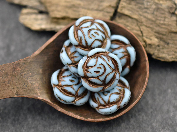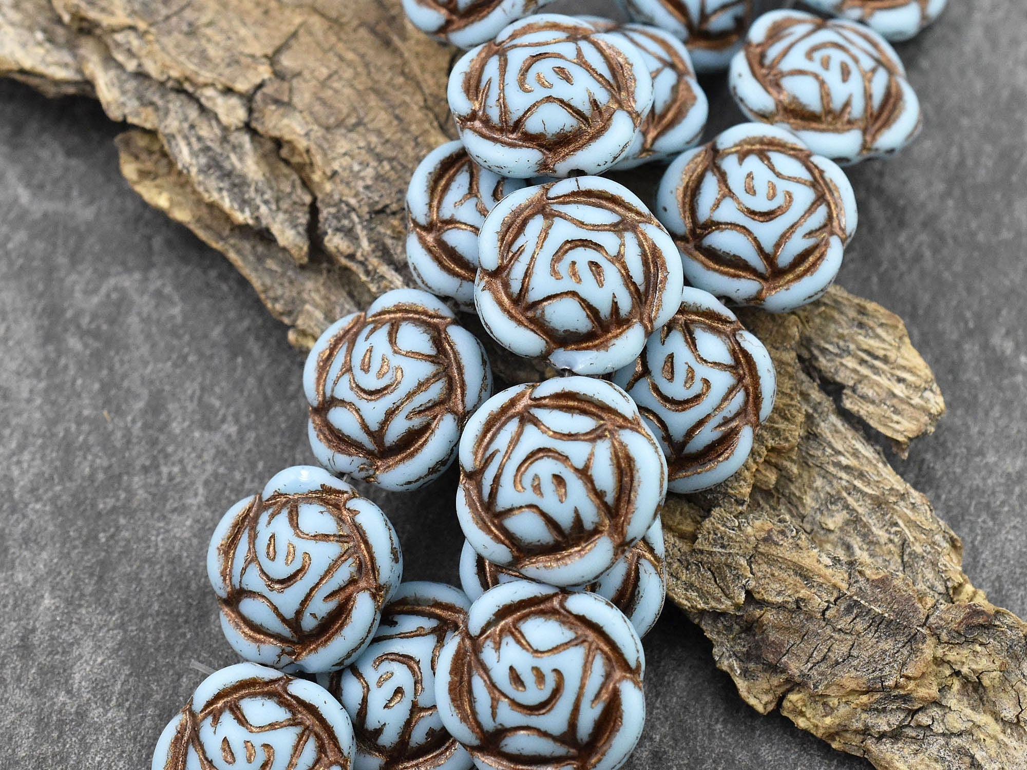 *6* 17mm Dark Bronze Washed Matte Blue Turquoise Rose Flower Coin Beads
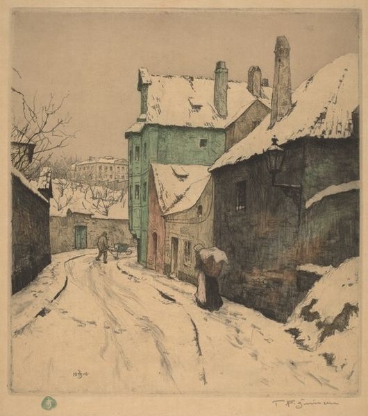 Willem Witsen created this etching of snow-covered houses in Ede during the late 19th or early 20th century. It’s a scene of quiet domesticity, rendered in a style that reflects the artistic currents of its time, but how might we understand the image in its wider context? Witsen was part of a group of Dutch artists who reacted against the prevailing academic style, turning instead to scenes of everyday life. Here, the snow lends a certain stillness, emphasizing the simple structures of the houses and the solitary figure in the doorway. The etching medium itself, with its emphasis on line and tone, was increasingly popular among artists seeking a more direct and democratic form of expression, outside of the traditional art establishment. Was Witsen making a statement about the value of the ordinary, in opposition to the grand narratives of academic painting? To understand the social implications of Witsen’s work, we might look to period writings on Dutch art and culture, exhibition reviews, or even census records to learn about the lives of people in Ede. Only then, can we start to appreciate the painting’s place in a broader social and institutional history.
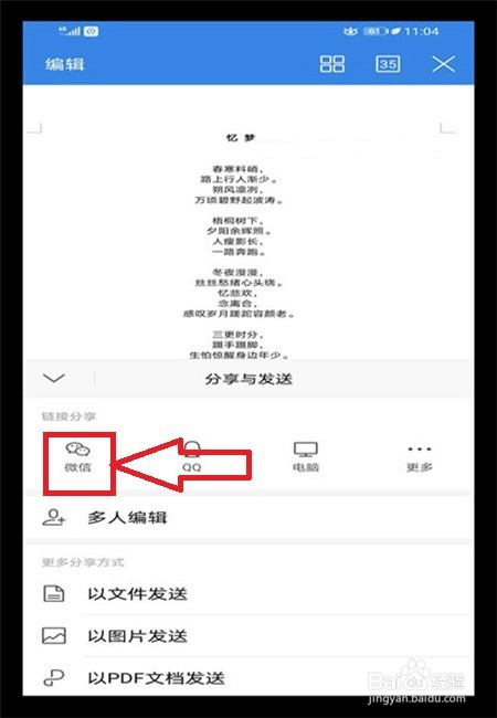 点击【分享】后,在【链接分享】的下方,点击第一个【微信】。
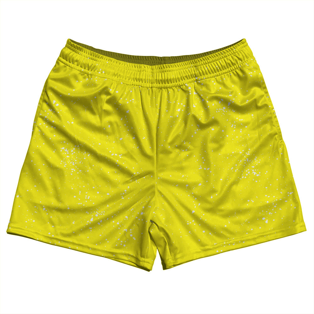 - Super Fly Pattern Yellow Bright and White Rugby Shorts Made In USA
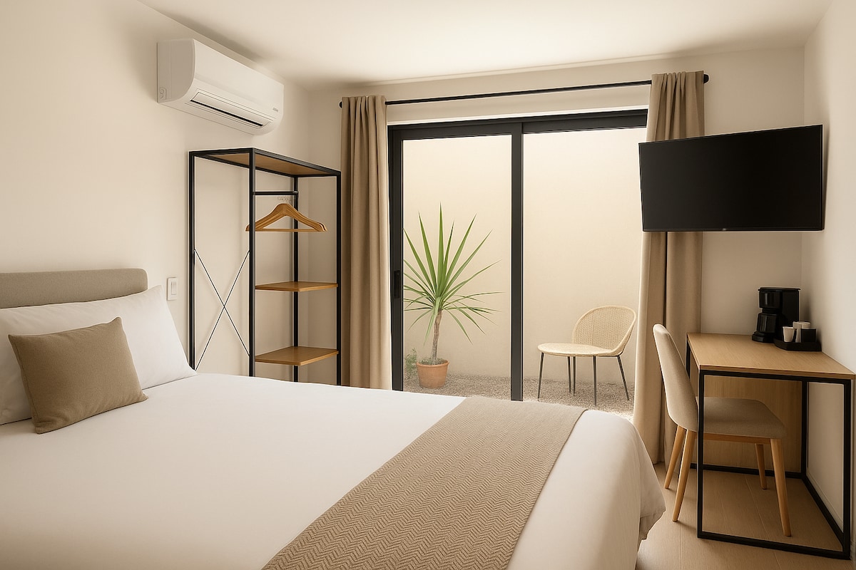 Enjoy a stylish experience at this cozy studio apartment in the heart of Querétaro City center. Perfect location if you are visiting the city. Walking around the area you can find restaurants, bars, cafes, museums, stores and much more. The apartment has a fully equipped kitchen, spacious full bathroom, cozy bedroom with TV, AC, closet and a working space. It also has a shared entrance, small shared patio with an outdoor dining table, and a lot of plants to make you feel at home.
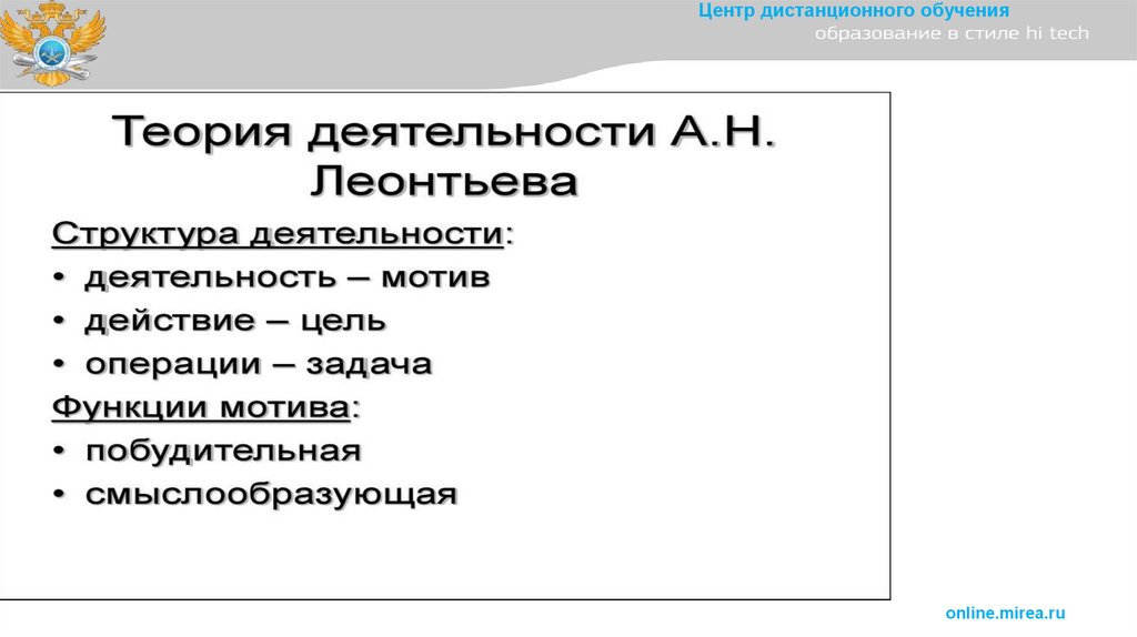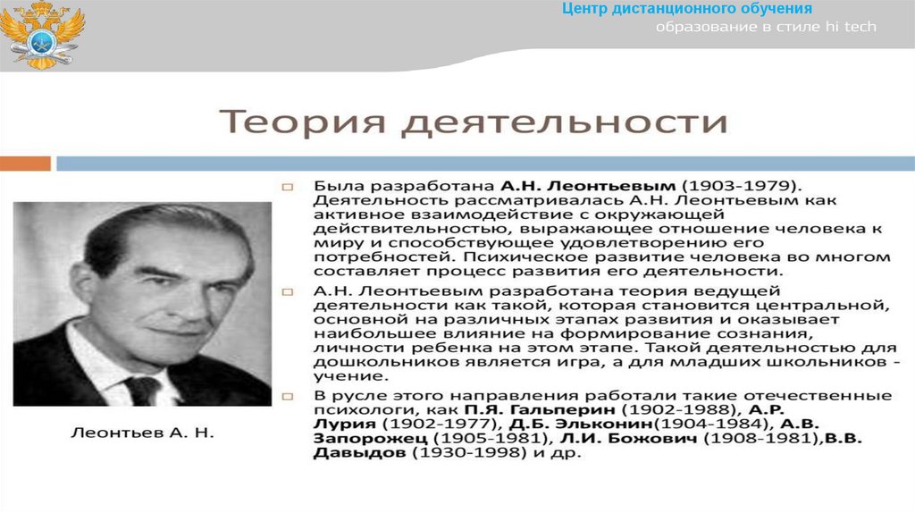 1. Тема 3. Психологическая теория деятельности
+--
» **WHAT THE TASK ASKS**:
Write out the entries above word for word. Do not include the pictures.

» **RESPONSE**:
 *6* 17mm Dark Bronze Washed Matte Blue Turquoise Rose Flower Coin Beads
 Willem Witsen created this etching of snow-covered houses in Ede during the late 19th or early 20th century. It’s a scene of quiet domesticity, rendered in a style that reflects the artistic currents of its time, but how might we understand the image in its wider context? Witsen was part of a group of Dutch artists who reacted against the prevailing academic style, turning instead to scenes of everyday life. Here, the snow lends a certain stillness, emphasizing the simple structures of the houses and the solitary figure in the doorway. The etching medium itself, with its emphasis on line and tone, was increasingly popular among artists seeking a more direct and democratic form of expression, outside of the traditional art establishment. Was Witsen making a statement about the value of the ordinary, in opposition to the grand narratives of academic painting? To understand the social implications of Witsen’s work, we might look to period writings on Dutch art and culture, exhibition reviews, or even census records to learn about the lives of people in Ede. Only then, can we start to appreciate the painting’s place in a broader social and institutional history.
 点击【分享】后,在【链接分享】的下方,点击第一个【微信】。
 - Super Fly Pattern Yellow Bright and White Rugby Shorts Made In USA
 Enjoy a stylish experience at this cozy studio apartment in the heart of Querétaro City center. Perfect location if you are visiting the city. Walking around the area you can find restaurants, bars, cafes, museums, stores and much more. The apartment has a fully equipped kitchen, spacious full bathroom, cozy bedroom with TV, AC, closet and a working space. It also has a shared entrance, small shared patio with an outdoor dining table, and a lot of plants to make you feel at home.
 1. Тема 3. Психологическая теория деятельности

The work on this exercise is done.